Starring Mandy Moore
Former bubblegum pop queen Mandy Moore finds herself trapped in a cage surrounded by 25-foot sharks in this would-be thriller, a situation only faintly more terrifying, one assumes, than being married to Ryan Adams for six years. Even then, 47 Meters Down struggles to drum up much in the way of scares, save for one moment which is more effective if you haven’t seen 2000’s Pitch Black.
Though she’s generally a likeable screen presence, there’s even less in the way of sympathy extended here to Moore’s character, Lisa, holidaying in Mexico with her sister Kate (Australian TV star Claire Holt). Lisa is recovering from a break-up and nurses certain feelings of inadequacy around her more adventurous younger sibling, which is all the motivation writer-director Johannes Roberts evidently requires to send the two of them on an ill-advised shark-swimming caper with the not entirely legit Captain Taylor (Matthew Modine, left, for the most part, to ponder the time when he used to work with people like Stanley Kubrick and Jonathan Demme.)

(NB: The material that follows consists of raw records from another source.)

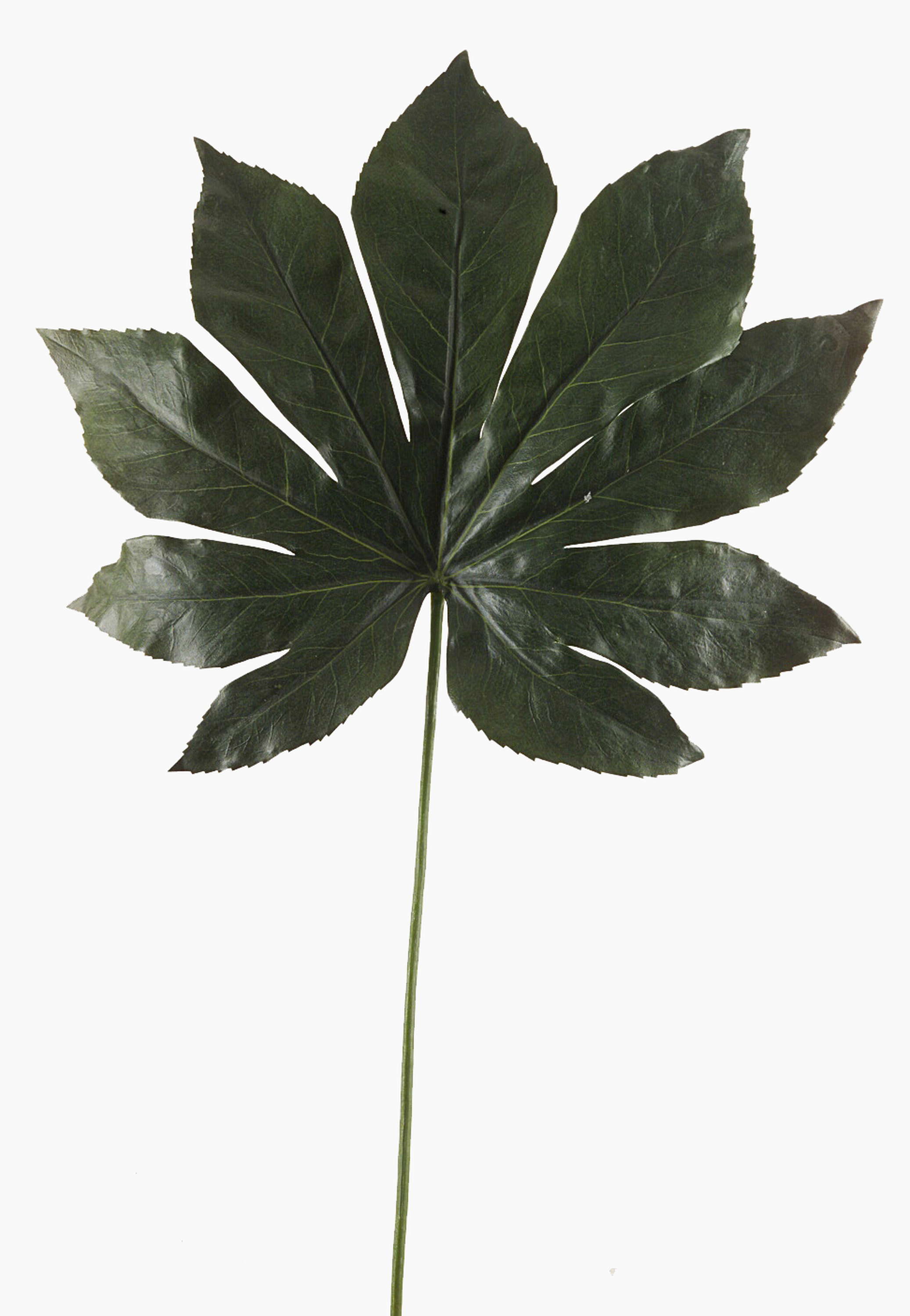 Dekoblatt Aralia FARIS mit detaillierten Blattoberfläche und hübschen Blattadern auf Vorder- und Rückseite des Blattes. Das künstliche Aralien-Blatt gestaltet Regale, Wände, uvm.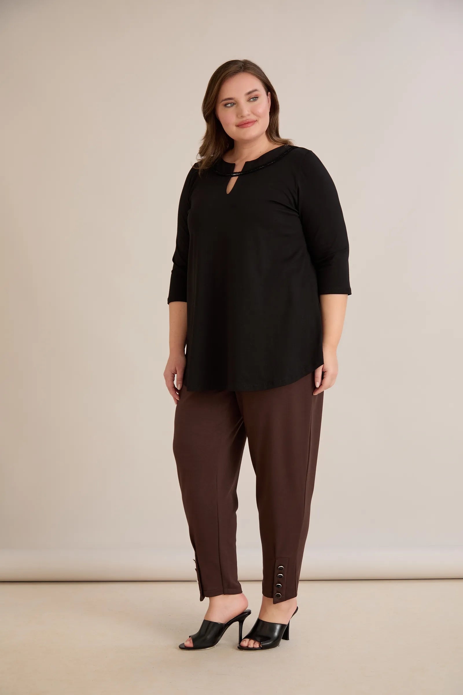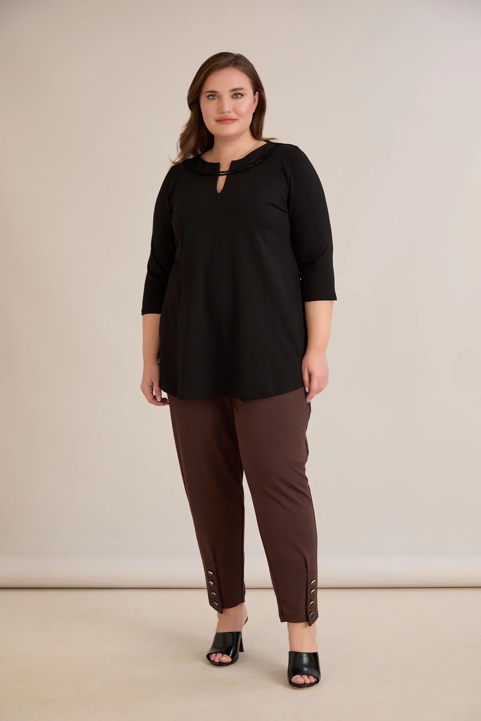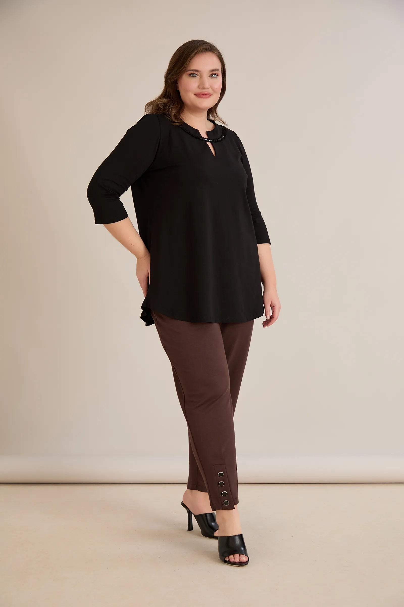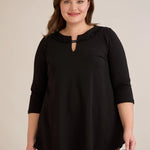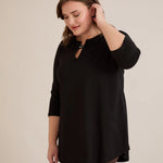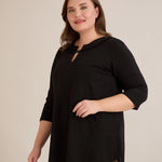 Βαμβακερή τουνίκ με εντυπωσιακό ντεκολτέ με ασημί λεπτομέρεια σε μαύρο χρώμα σε μεγάλα μεγέθη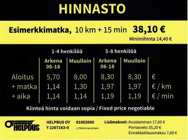 HelpBus Oy on vuonna 2009 perustettu perheyritys ja kokenut erityisryhmien kuljetusten asiantuntija. Toimimme pääasiassa Etelä-Suomessa ja sovittaessa laajemminkin. Palvelemme hyvinvointialueita, kuntia, kaupunkeja sekä vakuutusyhtiöitä – ja tarjoamme sujuvat kuljetusratkaisut myös yksityis- ja yritysasiakkaille.

When the ship’s winch breaks, Kate and Lisa find themselves sitting at the bottom of the ocean surrounded by hungry sharks that we can’t really see through all the murk and haphazard framing. This leaves Moore and Holt to narrate almost everything that happens (“Look, I’m almost out of oxygen!” “Look, Javier got ripped to shreds!”) while the film contrives to fill its thin 85 minutes with dicey escape attempts and a fake-out that horror buffs will recall from a better film best left unnamed.
Equally, with its, let’s say, streamlined approach to plot and character, you might argue that Roberts wants to fashion a movie—in contrast to predecessors like Jaws or Open Water—that’s as efficient and uncomplicated as the beasts it depicts. But even by that logic, 47 Meters Down bites.